┌──

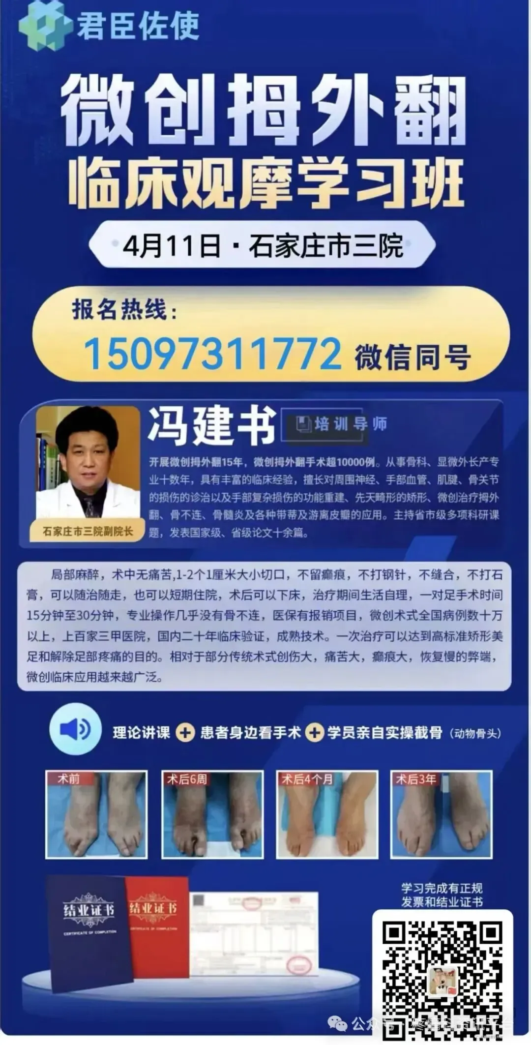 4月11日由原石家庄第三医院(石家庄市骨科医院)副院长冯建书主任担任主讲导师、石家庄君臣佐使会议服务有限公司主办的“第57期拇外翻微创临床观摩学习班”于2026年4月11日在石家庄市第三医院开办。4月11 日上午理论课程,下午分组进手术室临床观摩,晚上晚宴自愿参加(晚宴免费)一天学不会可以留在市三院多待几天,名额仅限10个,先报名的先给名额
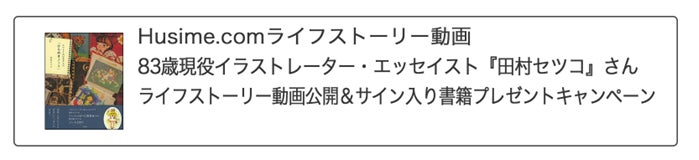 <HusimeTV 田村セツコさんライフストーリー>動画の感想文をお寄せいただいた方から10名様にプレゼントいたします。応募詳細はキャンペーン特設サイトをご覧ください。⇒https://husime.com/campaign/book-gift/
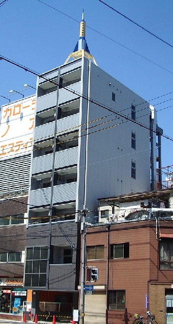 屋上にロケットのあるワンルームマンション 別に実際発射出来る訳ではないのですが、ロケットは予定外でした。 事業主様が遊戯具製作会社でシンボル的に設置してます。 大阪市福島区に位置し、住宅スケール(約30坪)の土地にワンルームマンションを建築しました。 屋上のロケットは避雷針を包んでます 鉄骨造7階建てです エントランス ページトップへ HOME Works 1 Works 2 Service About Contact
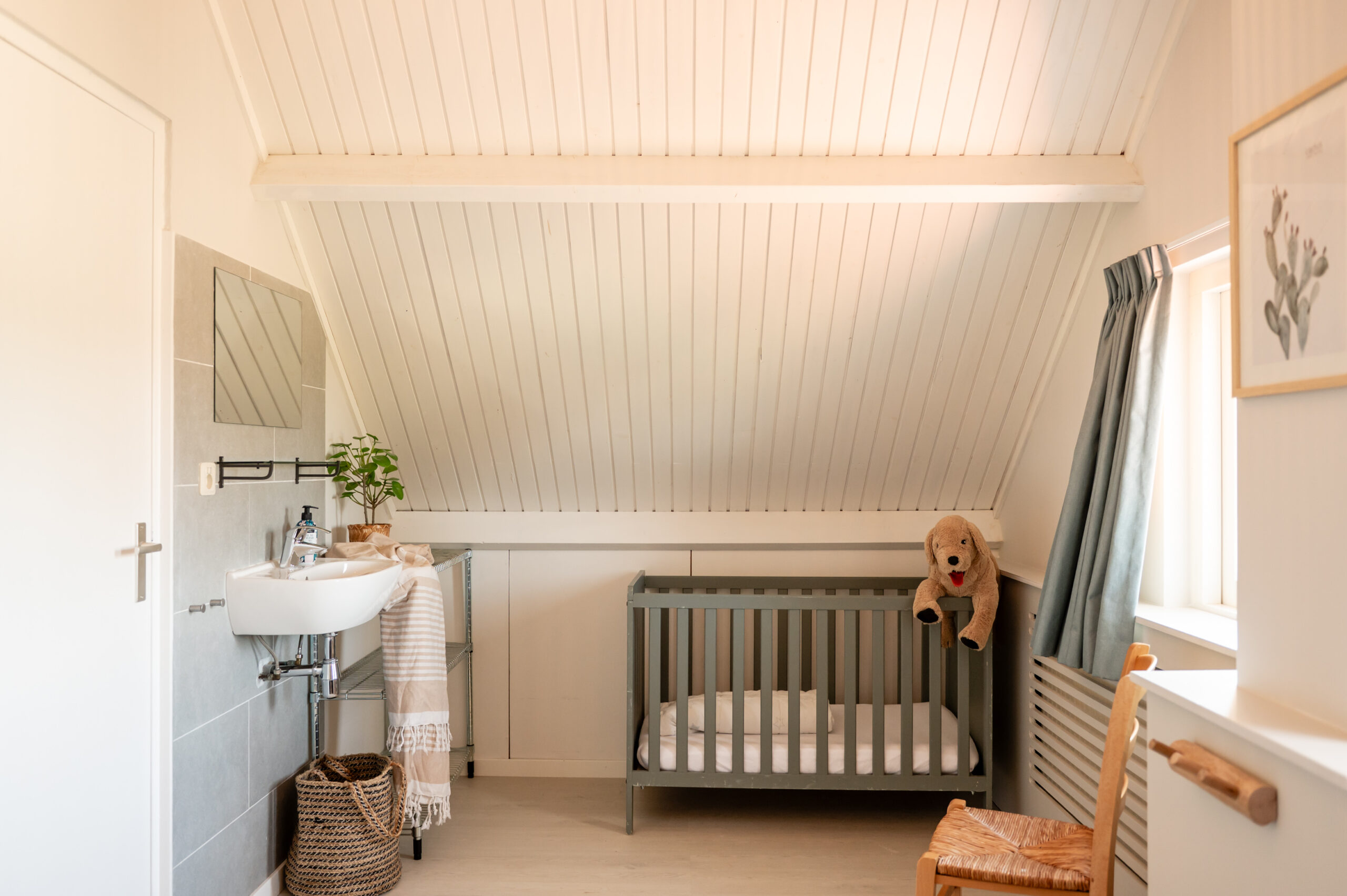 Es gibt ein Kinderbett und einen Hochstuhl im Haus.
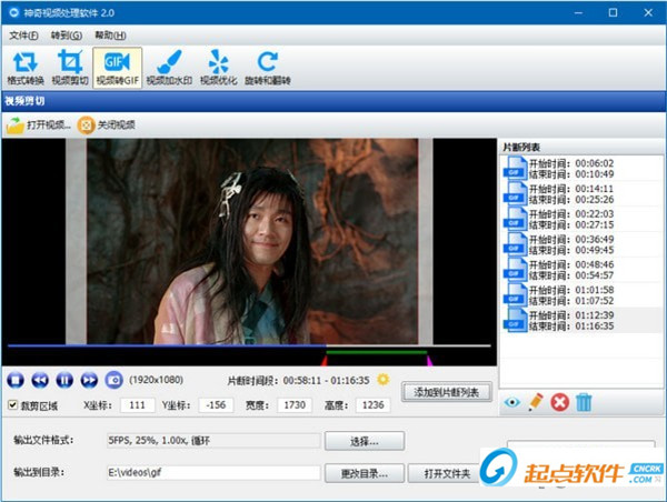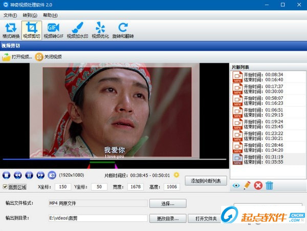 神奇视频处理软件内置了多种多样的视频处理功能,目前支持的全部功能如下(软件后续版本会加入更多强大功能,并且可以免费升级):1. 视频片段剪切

└──

== Task objective ==
Leave the images out. Set down all of the material above exactly.

== Written solution ==
 4月11日由原石家庄第三医院(石家庄市骨科医院)副院长冯建书主任担任主讲导师、石家庄君臣佐使会议服务有限公司主办的“第57期拇外翻微创临床观摩学习班”于2026年4月11日在石家庄市第三医院开办。4月11 日上午理论课程,下午分组进手术室临床观摩,晚上晚宴自愿参加(晚宴免费)一天学不会可以留在市三院多待几天,名额仅限10个,先报名的先给名额
 <HusimeTV 田村セツコさんライフストーリー>動画の感想文をお寄せいただいた方から10名様にプレゼントいたします。応募詳細はキャンペーン特設サイトをご覧ください。⇒https://husime.com/campaign/book-gift/
 屋上にロケットのあるワンルームマンション 別に実際発射出来る訳ではないのですが、ロケットは予定外でした。 事業主様が遊戯具製作会社でシンボル的に設置してます。 大阪市福島区に位置し、住宅スケール(約30坪)の土地にワンルームマンションを建築しました。 屋上のロケットは避雷針を包んでます 鉄骨造7階建てです エントランス ページトップへ HOME Works 1 Works 2 Service About Contact
 Es gibt ein Kinderbett und einen Hochstuhl im Haus.
 神奇视频处理软件内置了多种多样的视频处理功能,目前支持的全部功能如下(软件后续版本会加入更多强大功能,并且可以免费升级):1. 视频片段剪切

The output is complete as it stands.